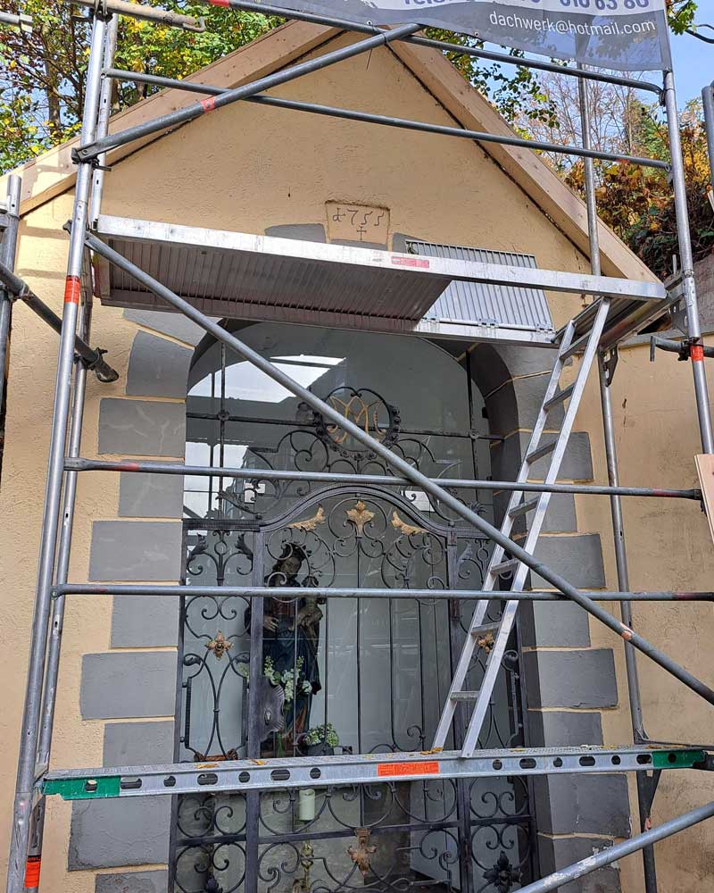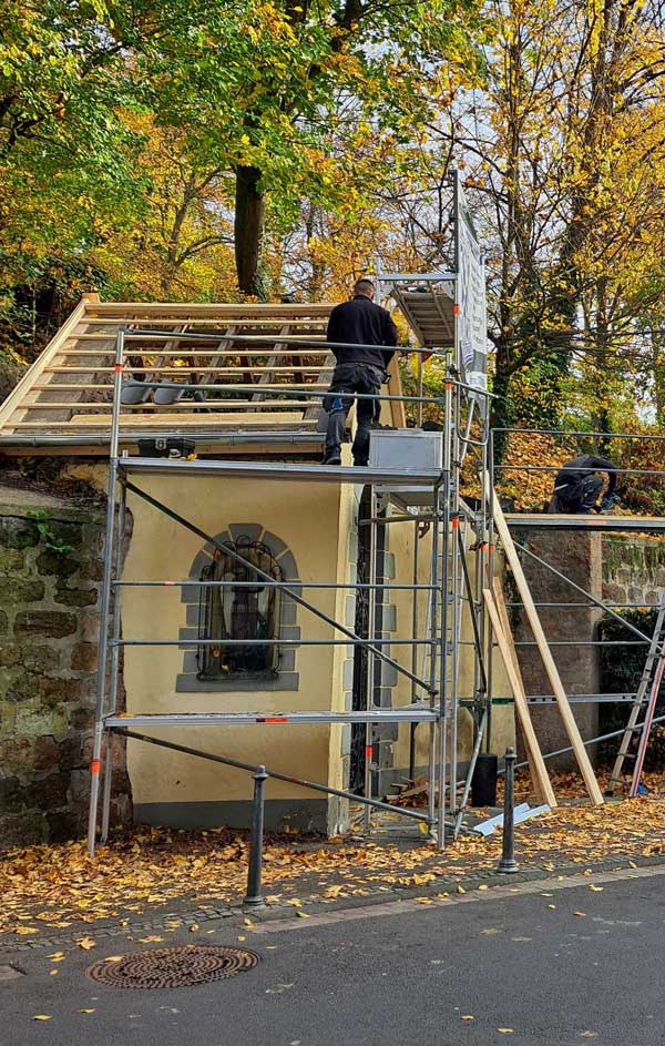 Jetzt bekam die Muttergottes erst einmal wieder ein dichtes Dach über dem Kopf. Ob die Putzsanierung und der Anstrich noch dieses Jahr erfolgen können, entscheidet Petrus! Die zu verarbeitenden Mineralfarben und der Putz brauchen, um abzubinden, durchgängig Temperaturen über 10° - und das wird zumindest nachts nicht mehr erreicht. Aber so oder so – es wird weitergehen!
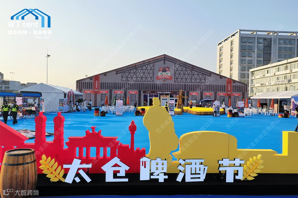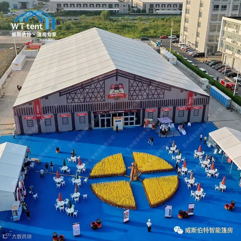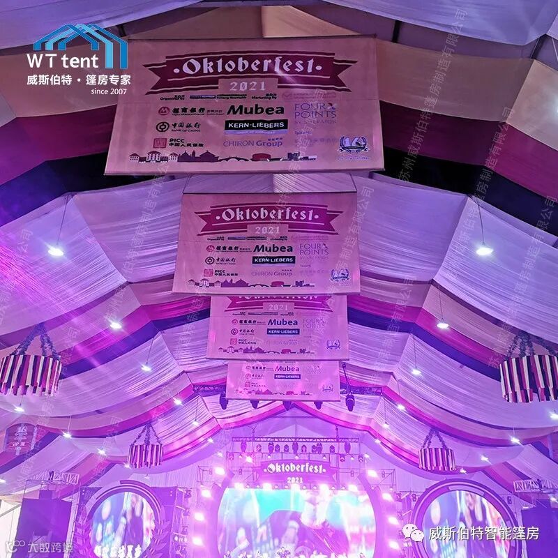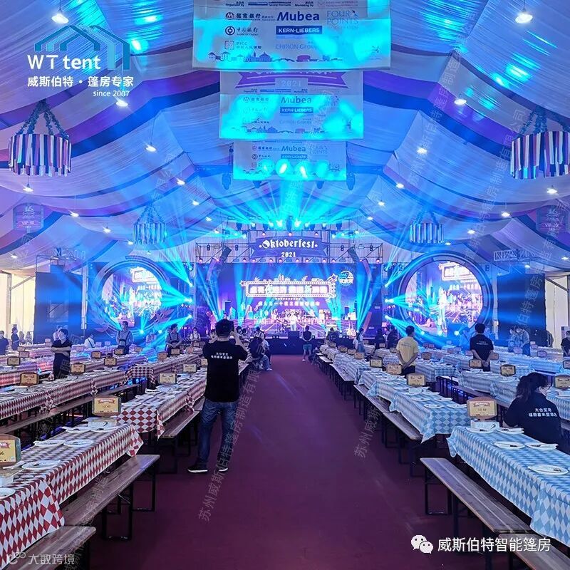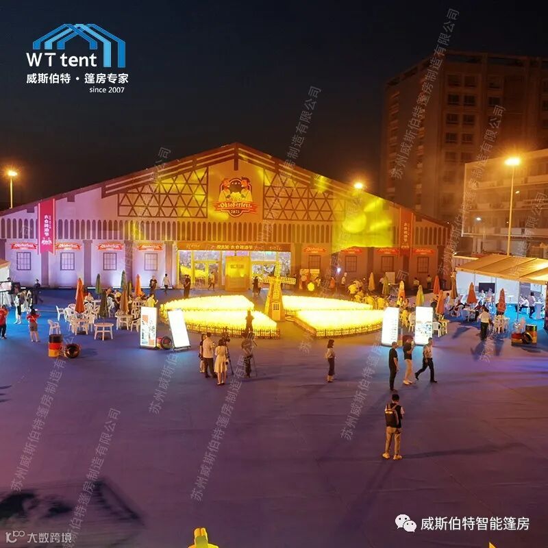 美观大气的装配式篷房、洁净飘逸的德国风情装饰幔、本色本香的德式啤酒桌,柔软平整的纯色地毯,在音乐和美食的融合下,汇成一场激昂热情的啤酒节狂欢盛宴。
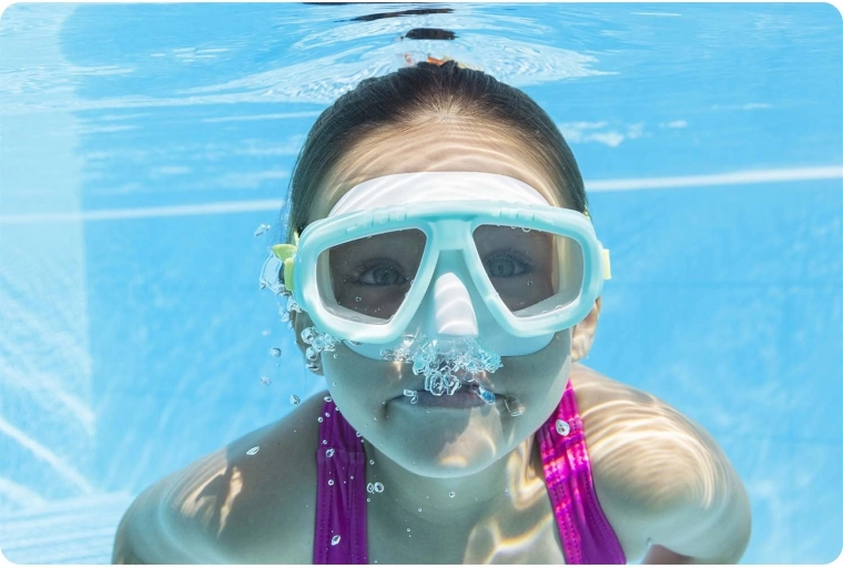 Geniet zorgeloos van het ontdekken van de onderwaterwereld met dit turkooizen Bestway-masker. Dankzij slijtvaste polycarbonaat lenzen met UV-bescherming, een zachte afdichtingsrand en een verstelbare siliconen band biedt het comfortabel draagcomfort, een breed gezichtsveld en betrouwbare bescherming van de ogen tegen water en zon. Universele maat en latexvrije materialen garanderen veilig en comfortabel gebruik voor de meeste zwemmers.
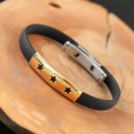 Havalı ve şık olmak için Gold Renk Çelik Yıldızlı Tasarım Siyah Renk Silikon Erkek Bileklik modeli uygun bir seçim olacak.

---+---

• **EXERCISE AIM**
Please return the lines above exactly, with the pictures omitted.

• **ANSWER AREA**
 Jetzt bekam die Muttergottes erst einmal wieder ein dichtes Dach über dem Kopf. Ob die Putzsanierung und der Anstrich noch dieses Jahr erfolgen können, entscheidet Petrus! Die zu verarbeitenden Mineralfarben und der Putz brauchen, um abzubinden, durchgängig Temperaturen über 10° - und das wird zumindest nachts nicht mehr erreicht. Aber so oder so – es wird weitergehen!
 美观大气的装配式篷房、洁净飘逸的德国风情装饰幔、本色本香的德式啤酒桌,柔软平整的纯色地毯,在音乐和美食的融合下,汇成一场激昂热情的啤酒节狂欢盛宴。
 Geniet zorgeloos van het ontdekken van de onderwaterwereld met dit turkooizen Bestway-masker. Dankzij slijtvaste polycarbonaat lenzen met UV-bescherming, een zachte afdichtingsrand en een verstelbare siliconen band biedt het comfortabel draagcomfort, een breed gezichtsveld en betrouwbare bescherming van de ogen tegen water en zon. Universele maat en latexvrije materialen garanderen veilig en comfortabel gebruik voor de meeste zwemmers.
 Havalı ve şık olmak için Gold Renk Çelik Yıldızlı Tasarım Siyah Renk Silikon Erkek Bileklik modeli uygun bir seçim olacak.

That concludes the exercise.